For those of you, if indeed there are any, who choose to waste portions of your lives reading my reviews, it may have become apparent that I have somewhat engulfed myself in short stories and novellas in recent times, starting with Jean-Paul Sartre’s “The Wall”, through Nicolai Gogol and Thomas Mann only a short while ago. I only recently discovered this format and am finding it increasingly rewarding. It poses a particular challenge to the writers, as it forces them to distil the narrative down to one plot, one message, or one emotion. The subject of today’s review is again a collection of short stories. This time Nobel Prize-winning, British novelist Sir Kazuo Ishiguro’s 2009 collection ”Nocturner” (”Nocturnes – Five Stories of Music and Nightfall”).

This, my friends, is an unparalleled piece of story-telling magic! The collection of five exquisitely crafted stories (with the possible exception of “Malvern Hills” which is the least interesting of them) is a most supreme delight to read. The stories are wrought on the common theme of music. All but one are told from the first-person perspective of skilled but unsuccessful musicians. None of them is about the musicians themselves, but rather told through their observing eyes.

The first story “Schlagersångaren” (The Crooner”) is about an aging Frank Sinatra-like superstar at the dusk of his fame, who asks a young street musician in Venice to accompany him as he sets out to serenade his wife, Lindy, whom he is about to divorce.
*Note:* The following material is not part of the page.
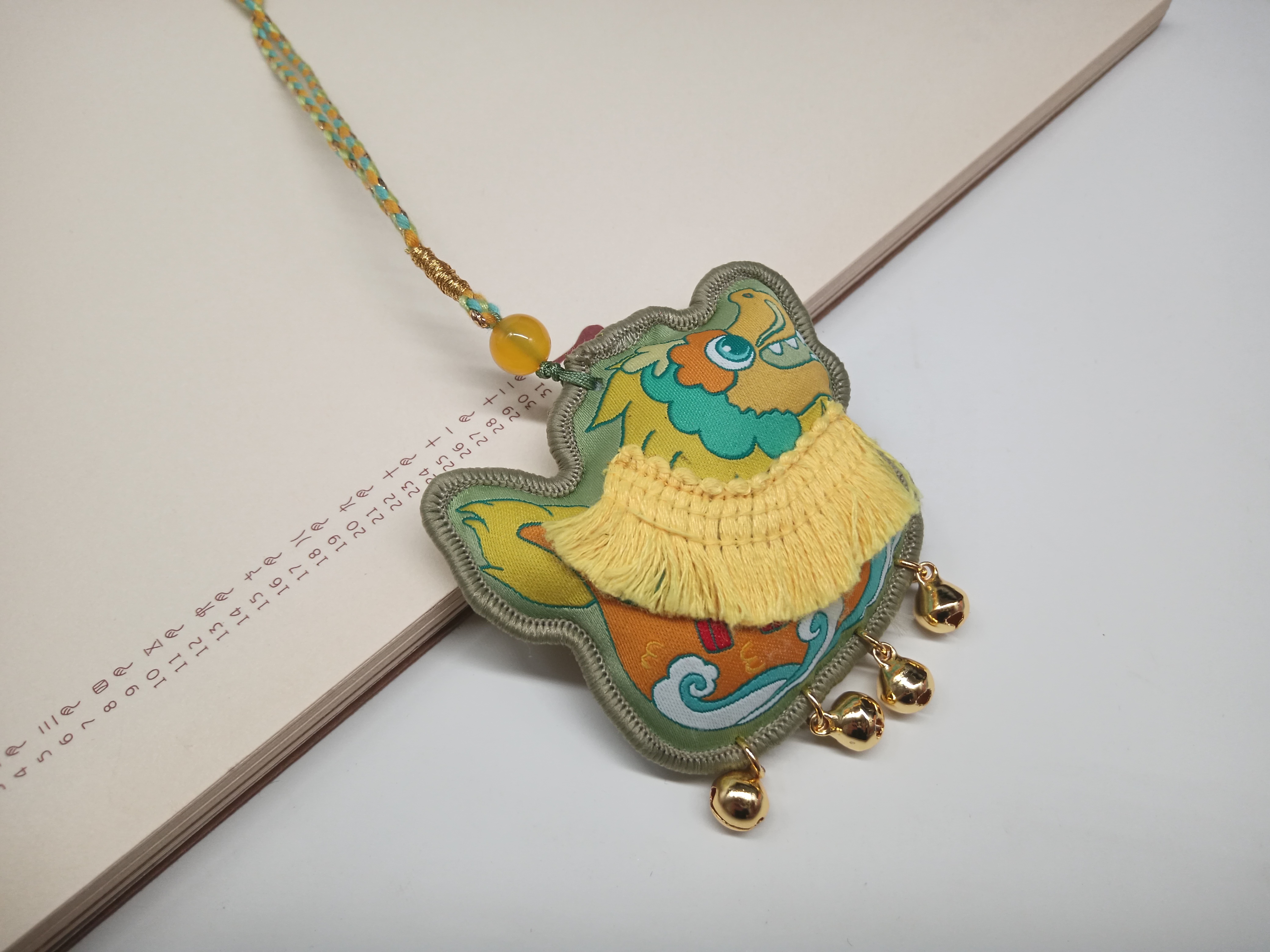 配以五彩丝绣老虎头,中间填充艾草,寓意美好,香气馥郁。

The second, “Come Rain or Come Shine”, follows a washed-up middle-aged English teacher who is invited to spend time with his vastly more successful friends from college only to realise that the purpose of his visit is for him to help them mend their dilapidated marriage. The third story, “Malvern Hills” is told by a talented but unrecognised singer-songwriter who reluctantly accepts to spend the summer as a helping hand at his sister’s hostel in the mountains. The fourth, “Nocturne” re-introduces us to Lindy from the first story, now freshly divorced and recovering from plastic surgery in a hospital, and recounts her brief friendship with a brilliant but little known saxophonist who is similarly recovering  in the room next to hers. The fifth, and perhaps the most interesting of them, “Cellister” (“The Cellists”), is told by a club musician about a young and ambitious cellist who encounters an elderly woman who claims to be a cello virtuoso and offers to help him polish his performance.
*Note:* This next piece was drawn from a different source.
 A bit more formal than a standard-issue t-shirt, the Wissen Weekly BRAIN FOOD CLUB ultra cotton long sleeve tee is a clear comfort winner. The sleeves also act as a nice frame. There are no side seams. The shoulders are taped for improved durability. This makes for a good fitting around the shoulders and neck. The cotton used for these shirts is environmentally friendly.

With his trademark low-key but by no means tardy narration technique, Ishiguro gently ushers the reader into the tender haze between the real and the pretended. His five Nocturnes lay bare the impotence of the everyday pretention and charade we deploy in our desperate pursuit to connect with a universe which we have long ceased to understand. By an intricate patchwork of manufactured masks, coatings, coulisses, and smoke screens, Ishiguro’s characters effectively ensnare themselves in a web of vanity they convince themselves is the inescapable reality of life when in fact, it is entirely of their own making. Artists and performers, who make up a category of people who actively seek the attention and accolade of the many, are particularly useful subjects for a study of this sort and Ishiguro, known to be somewhat of an archaeologist into the ruins of the human psyche, certainly makes the most of it. The result is sad, hilarious, and absorbing.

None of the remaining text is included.